■ What to do ■
Print all the data below exactly, without images.

■ Supplied information ■
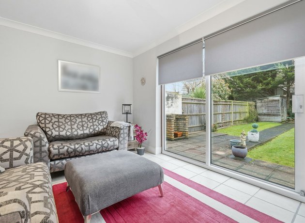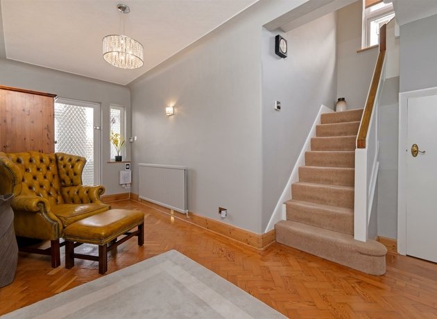 The welcoming hallway boasts beautiful parquet flooring, which seamlessly flows through the main living spaces. To the front of the house, the elegant dining room is ideal for hosting dinner parties or enjoying a Sunday lunch with loved ones. At the rear of the property, the spacious reception room is bathed in natural light, thanks to full-length sliding doors that open out onto the stunning rear garden—creating a seamless connection with the outdoors.
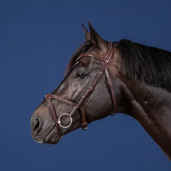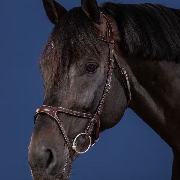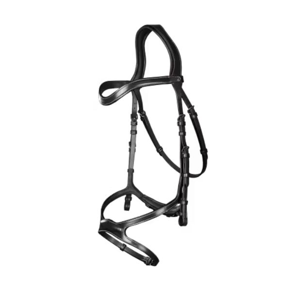 Supple V-shaped browband Headpiece has a single cheekpiece to which both the cheekpiece of the noseband and bit carrier attach Extra-supple Grakle noseband to disengage the bones of the facial crests and avoid pressure on the infra-orbital foramina This is the most advanced bridle when it comes to adapting to the horse’s anatomy. It avoids or relieves pressure on most of the sensitive spots on the head
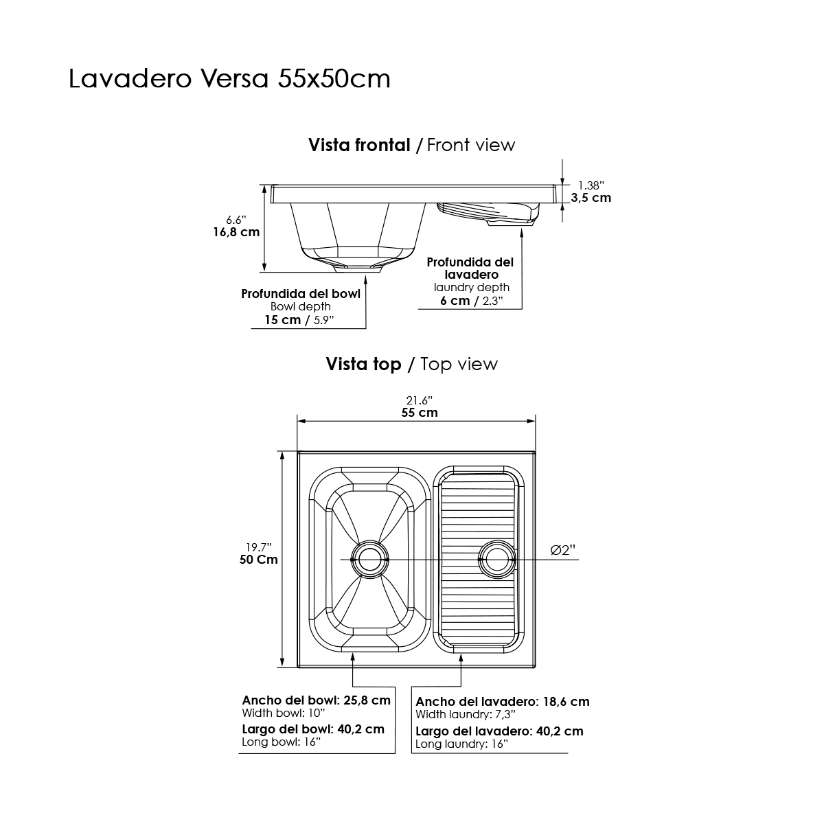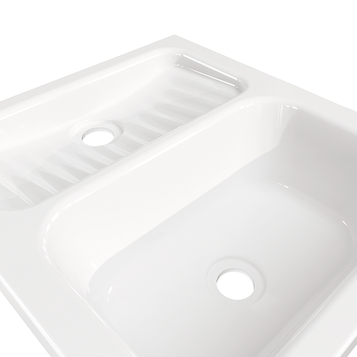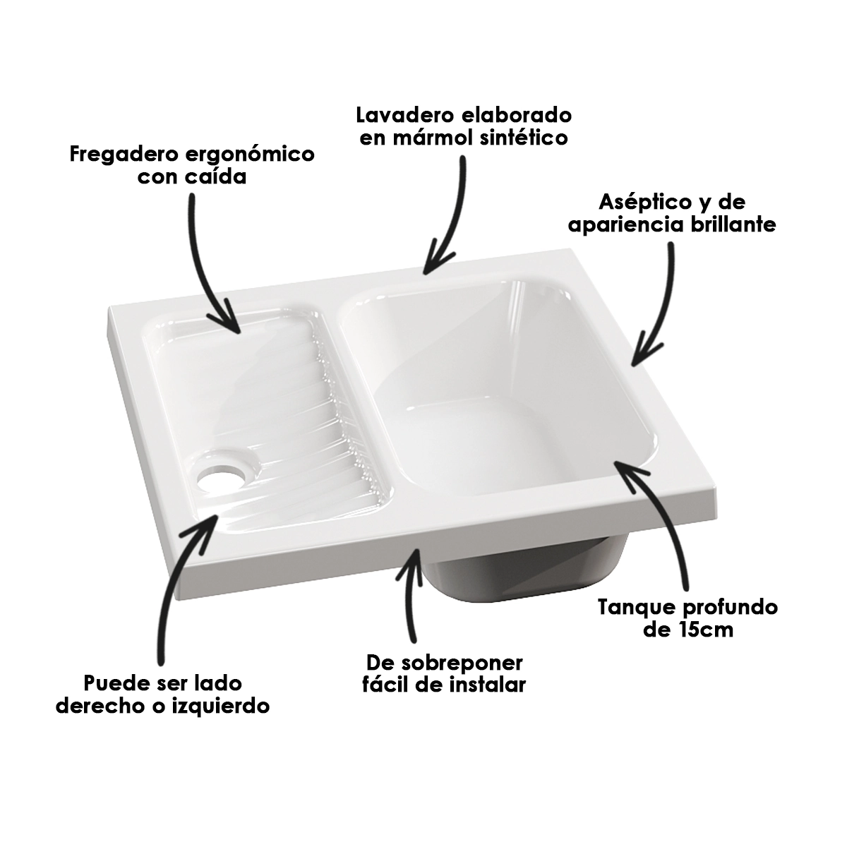 NUEVO Lavadero Versa de sobreponer | 55x50cm de Firplak, elaborado en mármol sintético con un diseño cómodo y funcional. Es perfecto para espacios reducidos, además cuenta con un fregadero ergonómico con caída y un tanque profundo independiente que optimizará el lavado de tus prendas.

■ Finished exercise ■
 The welcoming hallway boasts beautiful parquet flooring, which seamlessly flows through the main living spaces. To the front of the house, the elegant dining room is ideal for hosting dinner parties or enjoying a Sunday lunch with loved ones. At the rear of the property, the spacious reception room is bathed in natural light, thanks to full-length sliding doors that open out onto the stunning rear garden—creating a seamless connection with the outdoors.
 Supple V-shaped browband Headpiece has a single cheekpiece to which both the cheekpiece of the noseband and bit carrier attach Extra-supple Grakle noseband to disengage the bones of the facial crests and avoid pressure on the infra-orbital foramina This is the most advanced bridle when it comes to adapting to the horse’s anatomy. It avoids or relieves pressure on most of the sensitive spots on the head
 NUEVO Lavadero Versa de sobreponer | 55x50cm de Firplak, elaborado en mármol sintético con un diseño cómodo y funcional. Es perfecto para espacios reducidos, además cuenta con un fregadero ergonómico con caída y un tanque profundo independiente que optimizará el lavado de tus prendas.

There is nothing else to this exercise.